Top of Given records

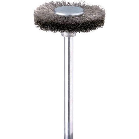 ・毛材:ステンレス・外径(mm):22・幅(mm):5・毛丈(mm):12・軸長(mm):34・軸径(mm):3.0・全長(mm):39・線径(mm):0.08・最高使用回転数(rpm):6000・形状:ホイール型
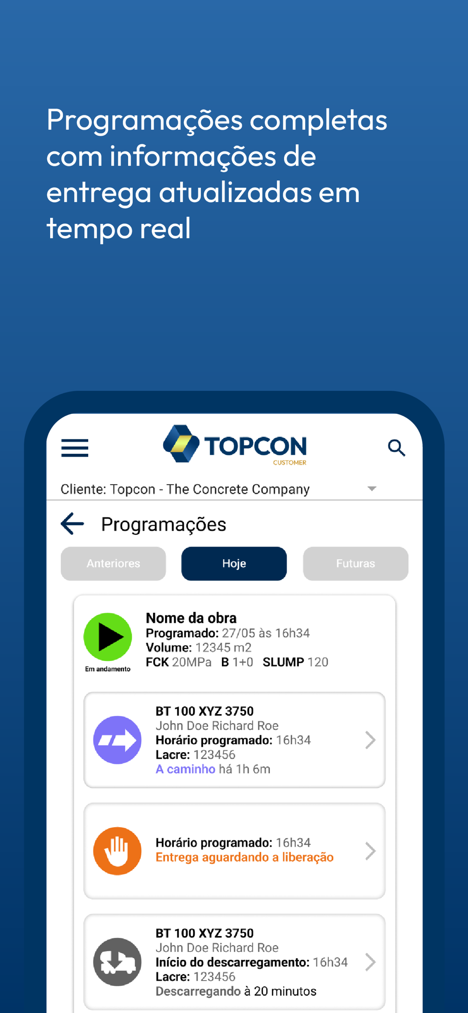 Através de uma interface simples e intuitiva, o TOPCON CUSTOMER permite gerenciar a entrega do concreto com indicadores de solicitação de programação, situação de cada entrega, laudos e tecnologia do concreto, pagamentos e situações de faturas, permitindo assim a tomada de decisões e evitando ociosidade no processo logístico.
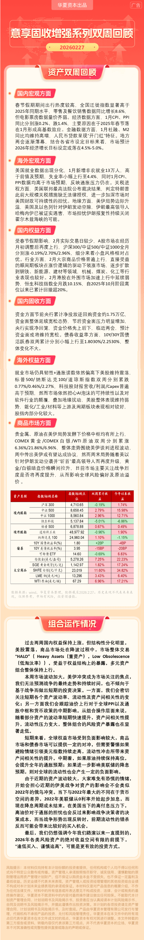 华夏资本-意享固收增强1号双周回顾(2026-2-27)
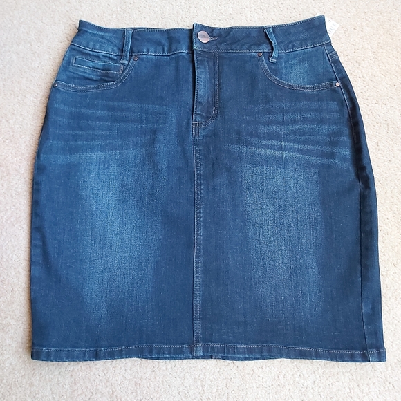 Boho-chic blue jean short skirt with front pockets and a zipper/button enclosure. Perfect for everyday wear.
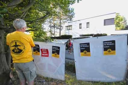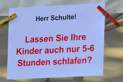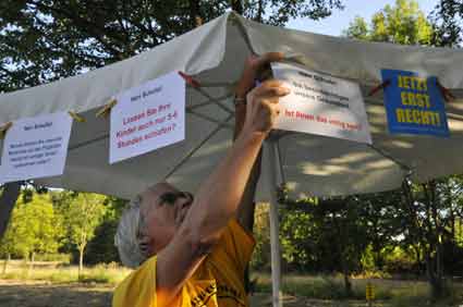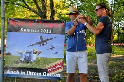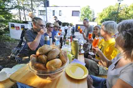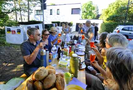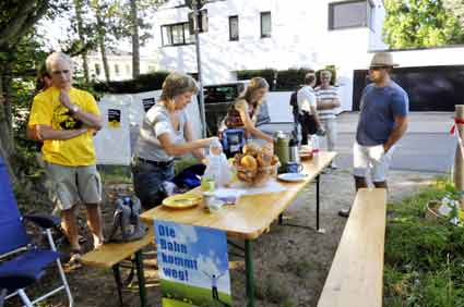 Frühstück bei Schulte Mit einer kleinen, aber feinen Aktion setzte die BI Frankfurt-Nord am Samstag, 18. August, einen neuen Farbtupfer in der Palette kreativer Protestaktionen gegen den Frankfurter Flughafenausbau: ein Frühstück vor dem Haus des Fraport-Vorsitzenden Stefan Schulte in Bad Homburg. Knapp zwei Stunden tafelten dort Teilnehmer aus dem Rhein-Main-Gebiet - von Fluglärm relativ unbelastet.
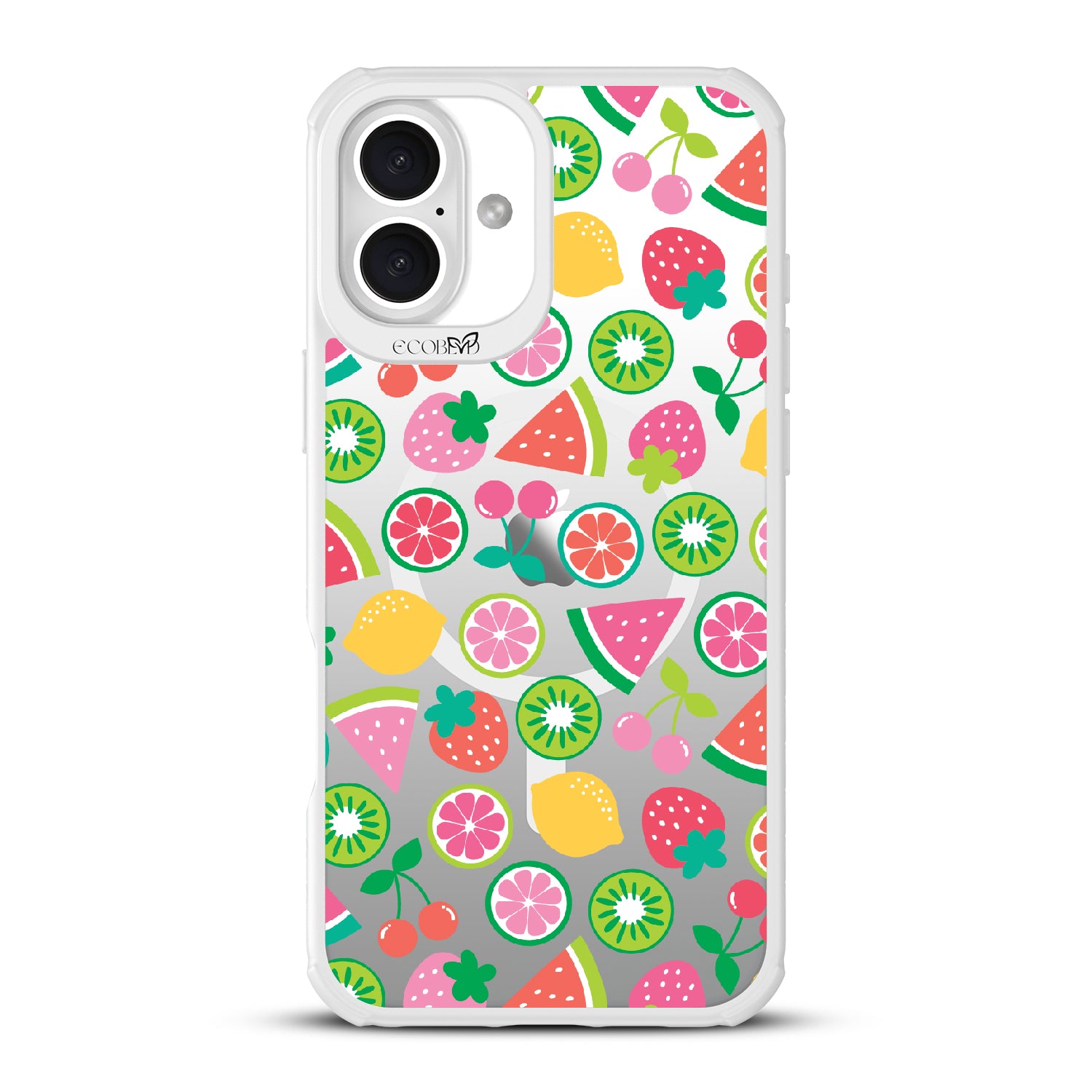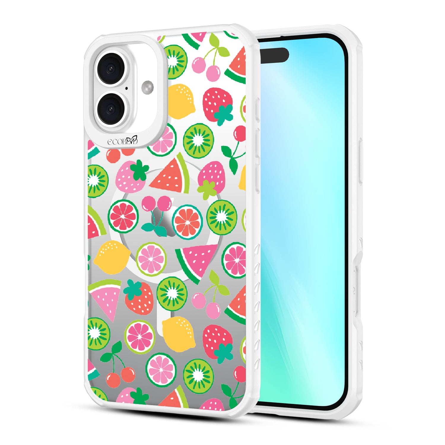 Savor the juicy goodness of summer with the Juicy Fruit design on our Revive clear iPhone 16 Plus phone case, a delightful blend of vibrant fruits that will quench your style thirst. From the juicy watermelon to the tangy lemon, zesty lime, tropical guava, refreshing kiwi, luscious strawberries, and succulent cherries, this case is a juicy treat for your eyes. This phone case is a reminder to see the juicy side of life, to add a pop of fruity freshness to your style, and to use your phone to start juicy conversations.

Bottom of Given records

* **Requirement**:
Repeat the lines above, starting at the first and stopping after the line that holds "Boho-chic blue jean", with the pictures left out.

* **Response box**:
 ・毛材:ステンレス・外径(mm):22・幅(mm):5・毛丈(mm):12・軸長(mm):34・軸径(mm):3.0・全長(mm):39・線径(mm):0.08・最高使用回転数(rpm):6000・形状:ホイール型
 Através de uma interface simples e intuitiva, o TOPCON CUSTOMER permite gerenciar a entrega do concreto com indicadores de solicitação de programação, situação de cada entrega, laudos e tecnologia do concreto, pagamentos e situações de faturas, permitindo assim a tomada de decisões e evitando ociosidade no processo logístico.
 华夏资本-意享固收增强1号双周回顾(2026-2-27)
 Boho-chic blue jean short skirt with front pockets and a zipper/button enclosure. Perfect for everyday wear.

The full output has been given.